PATI – Mondes.co.id | Alih fungsi hutan menjadi lahan perkebunan di Kabupaten Pati tidak hanya memberikan dampak positif bagi petani, tetapi juga meningkatkan risiko bencana.
Pembukaan lahan pertanian atau perkebunan di wilayah hutan dapat menyebabkan berbagai masalah seperti banjir, tanah longsor, dan kekeringan.
Pembukaan lahan tersebut meski memberi manfaat ekonomi bagi para petani, ada juga konsekuensi negatif terkait dengan lingkungan.
Adanya perubahan fungsi hutan menjadi lahan perkebunan, meningkatkan potensi terjadinya bencana seperti banjir akibat perubahan pola aliran sungai, tanah longsor karena hilangnya akar vegetasi yang stabil, dan kekeringan sebagai akibat dari perubahan tata air alamiah.

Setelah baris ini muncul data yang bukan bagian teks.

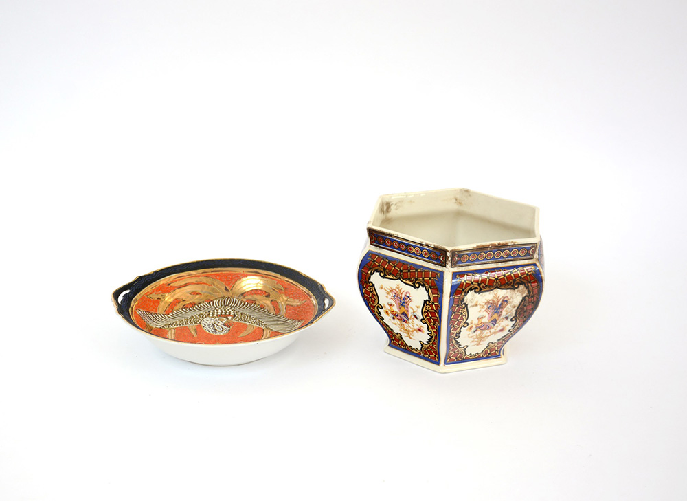 Lotto composto da un piatto a rilievo e dorature e un cachepot esagonale (difetti) Giappone, secolo XX (diam. max 21 cm; h. max 14 cm.)

Menurut Sinta Damayanti selaku Kepala Seksi (Kasi) Perencanaan dan Evaluasi Balai Pengelolaan Daerah Aliran Sungai (BPDAS) Pemali Jratun, risiko datangnya bencana alam meningkat lantaran tanah kehilangan fungsi aslinya.

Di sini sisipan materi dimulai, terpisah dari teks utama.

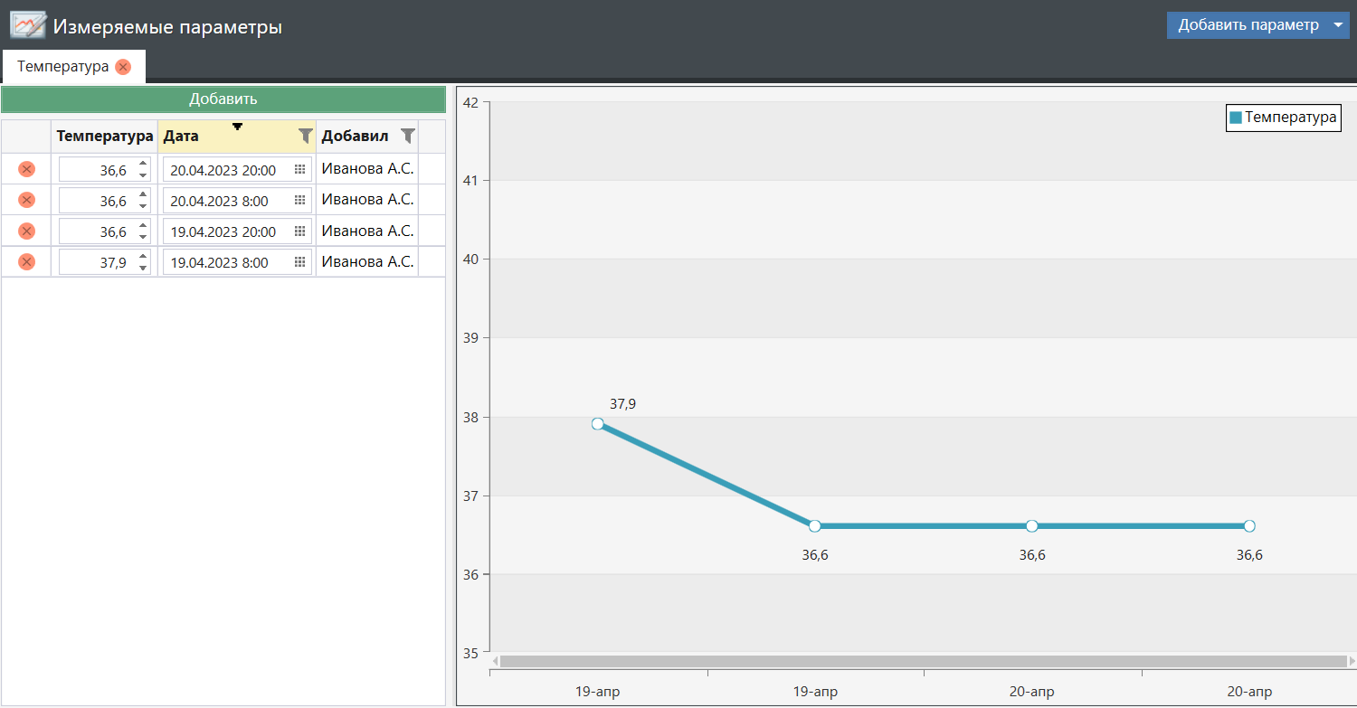 • Заполнять данные по измеряемым параметрам (давление, температура, вес и т.д.).

“Ketika ada alih fungsi lahan seperti yang terjadi memang sisi konversinya akan meningkatkan erosi,” terangnya saat dikonfirmasi Mondes.co.id, Senin, 27 November 2023.
Pihaknya berusaha melakukan rehabilitasi pada lahan yang menjadi kritis karena perubahan fungsi tanah. Upaya tersebut dilakukan sebagai respons terhadap alih fungsi lahan.

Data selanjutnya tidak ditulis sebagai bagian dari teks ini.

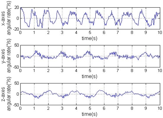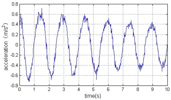 Once C is worked out, we can get the accelerations with respect to the geographical coordinate frame using Equation (1). Figure 9 is the accelerations with respect to the carrier’s coordinate frame measured by the IMU. Figure 10 is the angular rates measured by the IMU. Finally, the accelerations with respect to the geographical coordinate frame on the Y axis can be seen in Figure 11.

“Kami mempunyai penyuluh kehutanan, kami lakukan sosialisasi di lapangan melalui mereka. Para penyuluh ini menjadi ujung tombak kegiatan terkait konservasi tanah dan air,” katanya.
Jika pengalihan fungsi lahan dibiarkan merusak kawasan hutan, risiko terjadinya bencana tidak terhindarkan. Salah satu konsekuensi dari alih fungsi lahan yang belakangan terjadi di kabupaten berjuluk Bumi Mina Tani adalah banjir bandang di Kecamatan Tambakromo dan Kecamatan Winong. Apalagi sebagian desa di kedua kecamatan tersebut berada di lereng Pegunungan Kendeng.
“Berpotensi terjadi banjir bandang seperti tahun lalu di Desa Godo, Kecamatan Winong hingga mencapai Tambakromo. Karena sekitar ratusan meter di atas desa-desa tersebut terdapat alih fungsi lahan,” ujar salah seorang pemerhati lingkungan asal Kabupaten Pati, Husaini.
Ia menyebut bahwa kondisi lahan yang dialihfungsikan sebagai lahan kritis. Total perhitungannya terdapat 16,2 ribu hektar lahan kritis di Kabupaten Pati, yang terbagi di kawasan Pegunungan Kendeng dan lereng Gunung Muria.
Husaini menambahkan bahwa alih fungsi lahan bukan terjadi di pegunungan kapur utara alias Kendeng saja. Melainkan juga terjadi di kawasan hutan Pegunungan Muria yang seharusnya menjadi lahan konservasi.
“Lereng Muria juga mengalami kerusakan parah, ditambah alih fungsi kawasan hutan menjadi tegalan ketela sangat tinggi. Hutan di Gunung Muria harusnya kan kawasan lindung tetapi dipakai untuk menanam komoditas ketela. Sehingga tanah tidak mampu menyimpan cadangan air, jika hujan datang airnya langsung mengalir ke bawah,” pungkasnya.